Aim of the exercise ▸ If a picture appears in the records, leave it out and transcribe the rest exactly.
>>>>
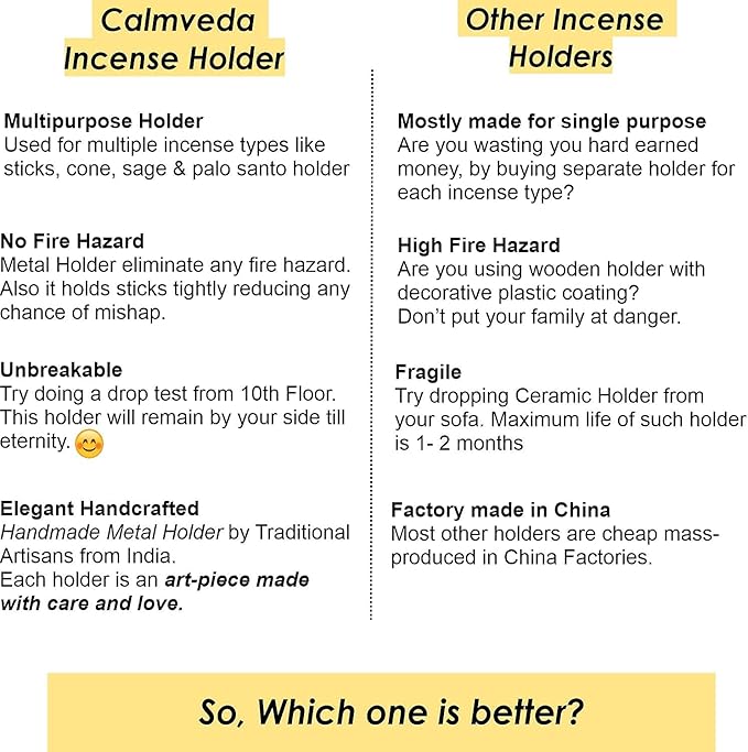 - MULTIPURPOSE INCENSE BURNER - Holder allows use of 2 standard sized incense sticks at once. Further since it is made of metal, you can use it for incense cones, palo santo or any other incense burning.
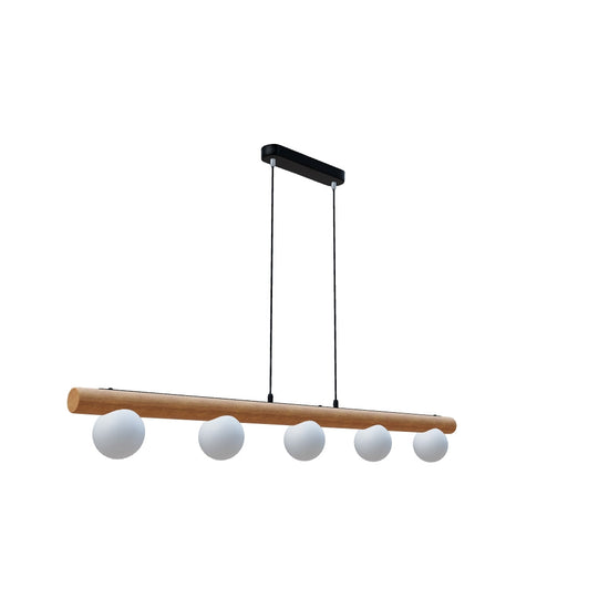 Pendellampa med fem opalfärgade glasskärmar monterade på en träbas. Takbasen är av lackad metall.
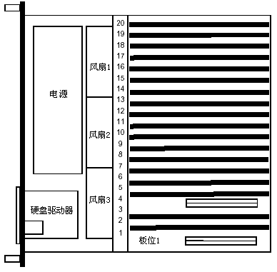 DSC210機(jī)箱包括具有20個插槽的無源主板,同時還有一個電源模塊、軟盤驅(qū)動器、風(fēng)扇電源分配器、錯誤檢測模塊和一個前面板顯示卡。
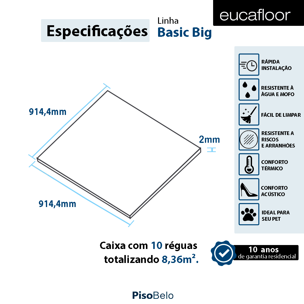 O piso vinílico Eucafloor Basic, modelo Chicago, oferece a combinação perfeita de durabilidade e fácil manutenção. Ideal para quem busca praticidade, sua instalação é rápida e seu design moderno atende a diversos estilos de ambientes. Perfeito para residências com um ótimo custo-benefício. Garanta um espaço elegante e funcional com o modelo Chicago.
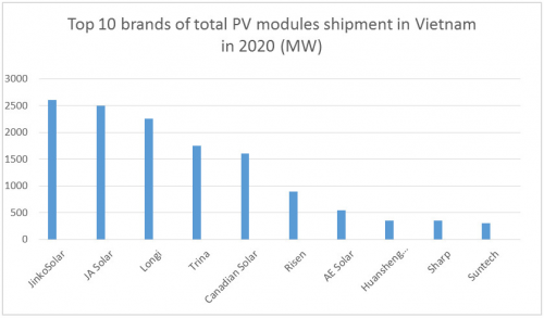 越南MOIT与Clean Energy Associate官方媒体Vietnam Energy Online近日发布2020年越南组件出货量市场报告,数据统计显示,晶科能源以超过2.5GW的销量,连续第三年稳居越南市占第一。晶澳,隆基分列第二、第三,阿特斯,东方日升,新源,东方环晟,夏普,尚德紧随其后。
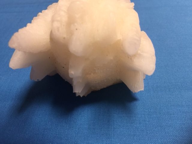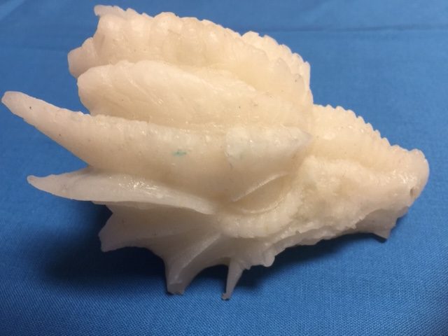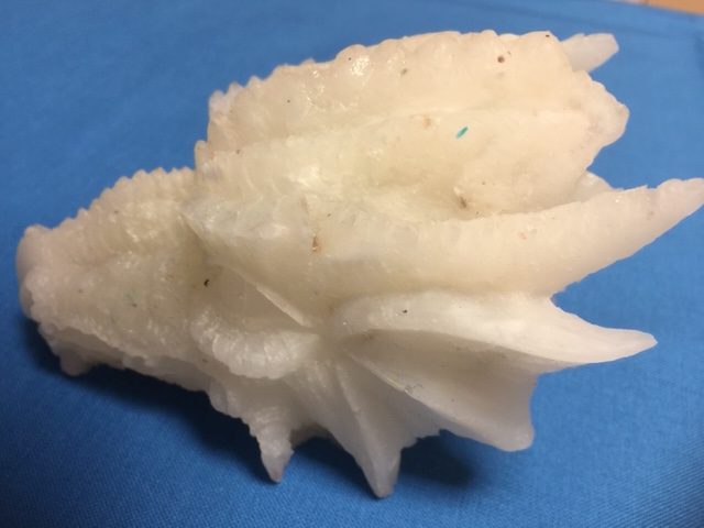 Deze draak is dus niet van Orgoniet, want er bevinden zich geen metaaldeeltjes of erts-mineralen binnenin het seleniet.
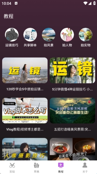 4、在教程页面中提供运镜技巧、共享脚本、拍风景、拍人物、拍实物以及运镜等教程。
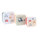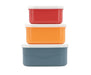 Conjunto de três caixas com tampa, com cores e ilustrações diferentes, para levar para todo o lado. Cada caixa tem um tamanho diferente e podem ser guardadas umas dentro das outras. Ideais para transportar alimentos separadamente, numa mochila ou lancheira
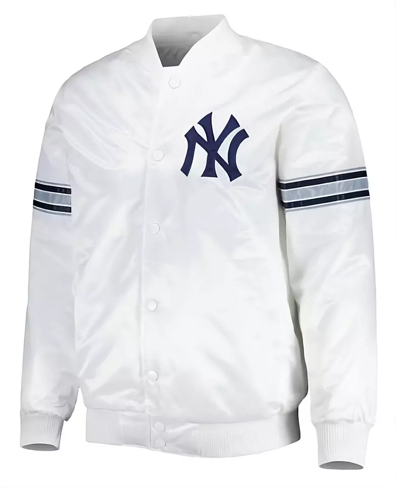 Support your New York Yankees in style with this Men’s White Satin Full-Snap Varsity Jacket. Featuring a sleek satin finish, this jacket combines classic varsity style with a modern twist. The full-snap closure ensures easy wear, while the iconic Yankees logo on the chest adds an authentic fan touch, making it the perfect piece to represent your team.
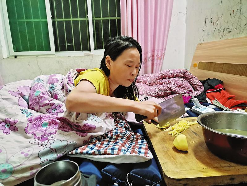 “像蟲(chóng)一樣向前挪動(dòng)著身體。”齊敏蟬說(shuō)。她每天艱難地在床上做康復(fù)訓(xùn)練,鍛煉胳膊和上身的力量,漸漸地,她可以隔兩個(gè)小時(shí)自己翻一次身;拿筷子時(shí)手不抖了,胳膊也有勁了,能自己吃飯了。丈夫忙的時(shí)候,給她把東西準(zhǔn)備好,在床邊支個(gè)小桌子,她爬在床上切菜、做飯。最大的變化是,齊敏蟬不再那么怕別人異樣的目光,丈夫推她出去曬太陽(yáng),也能和左鄰右舍聊天了。
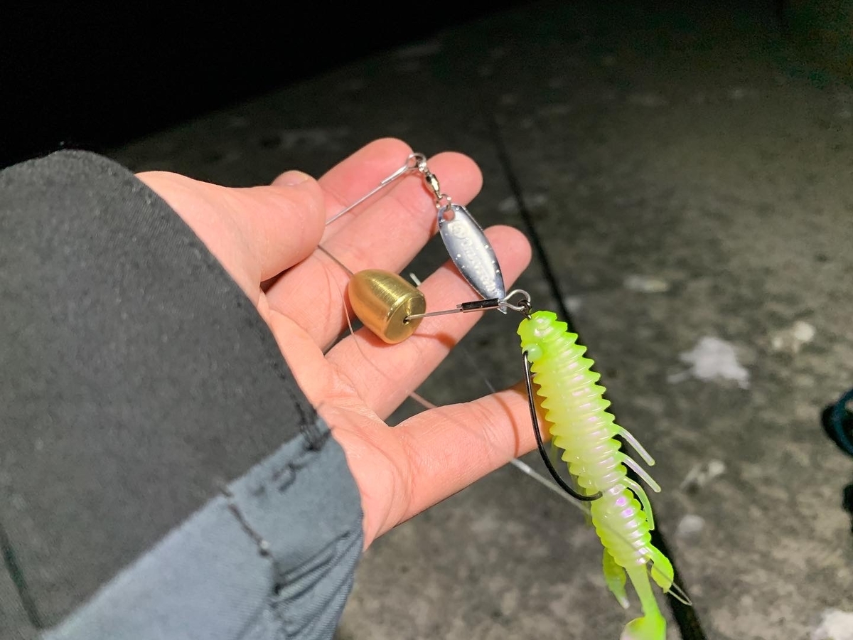 14gのビフテキにデスアダーグラブのパールホワイトグローをセット。
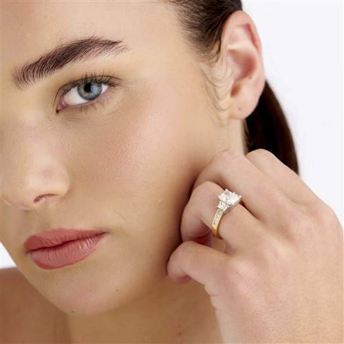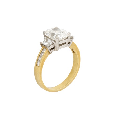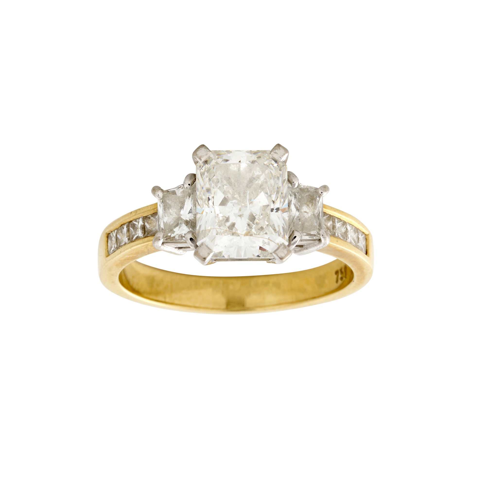 Centring a rectangular modified brilliant-cut diamond of approximately 2.51 carats, flanked by two trapezoid-cut diamonds together weighing approximately 0.61 carats to a channel-set band comprising of an additional eight princess-cut diamonds, the diamonds together weighing approximately 3.42 carats, size P, gross weight approximately 6.0 grams.
<<<<
Result of this exercise ▸
 - MULTIPURPOSE INCENSE BURNER - Holder allows use of 2 standard sized incense sticks at once. Further since it is made of metal, you can use it for incense cones, palo santo or any other incense burning.
 Pendellampa med fem opalfärgade glasskärmar monterade på en träbas. Takbasen är av lackad metall.
 DSC210機(jī)箱包括具有20個插槽的無源主板,同時還有一個電源模塊、軟盤驅(qū)動器、風(fēng)扇電源分配器、錯誤檢測模塊和一個前面板顯示卡。
 O piso vinílico Eucafloor Basic, modelo Chicago, oferece a combinação perfeita de durabilidade e fácil manutenção. Ideal para quem busca praticidade, sua instalação é rápida e seu design moderno atende a diversos estilos de ambientes. Perfeito para residências com um ótimo custo-benefício. Garanta um espaço elegante e funcional com o modelo Chicago.
 越南MOIT与Clean Energy Associate官方媒体Vietnam Energy Online近日发布2020年越南组件出货量市场报告,数据统计显示,晶科能源以超过2.5GW的销量,连续第三年稳居越南市占第一。晶澳,隆基分列第二、第三,阿特斯,东方日升,新源,东方环晟,夏普,尚德紧随其后。
 Deze draak is dus niet van Orgoniet, want er bevinden zich geen metaaldeeltjes of erts-mineralen binnenin het seleniet.
 4、在教程页面中提供运镜技巧、共享脚本、拍风景、拍人物、拍实物以及运镜等教程。
 Conjunto de três caixas com tampa, com cores e ilustrações diferentes, para levar para todo o lado. Cada caixa tem um tamanho diferente e podem ser guardadas umas dentro das outras. Ideais para transportar alimentos separadamente, numa mochila ou lancheira
 Support your New York Yankees in style with this Men’s White Satin Full-Snap Varsity Jacket. Featuring a sleek satin finish, this jacket combines classic varsity style with a modern twist. The full-snap closure ensures easy wear, while the iconic Yankees logo on the chest adds an authentic fan touch, making it the perfect piece to represent your team.
 “像蟲(chóng)一樣向前挪動(dòng)著身體。”齊敏蟬說(shuō)。她每天艱難地在床上做康復(fù)訓(xùn)練,鍛煉胳膊和上身的力量,漸漸地,她可以隔兩個(gè)小時(shí)自己翻一次身;拿筷子時(shí)手不抖了,胳膊也有勁了,能自己吃飯了。丈夫忙的時(shí)候,給她把東西準(zhǔn)備好,在床邊支個(gè)小桌子,她爬在床上切菜、做飯。最大的變化是,齊敏蟬不再那么怕別人異樣的目光,丈夫推她出去曬太陽(yáng),也能和左鄰右舍聊天了。
 14gのビフテキにデスアダーグラブのパールホワイトグローをセット。
 Centring a rectangular modified brilliant-cut diamond of approximately 2.51 carats, flanked by two trapezoid-cut diamonds together weighing approximately 0.61 carats to a channel-set band comprising of an additional eight princess-cut diamonds, the diamonds together weighing approximately 3.42 carats, size P, gross weight approximately 6.0 grams.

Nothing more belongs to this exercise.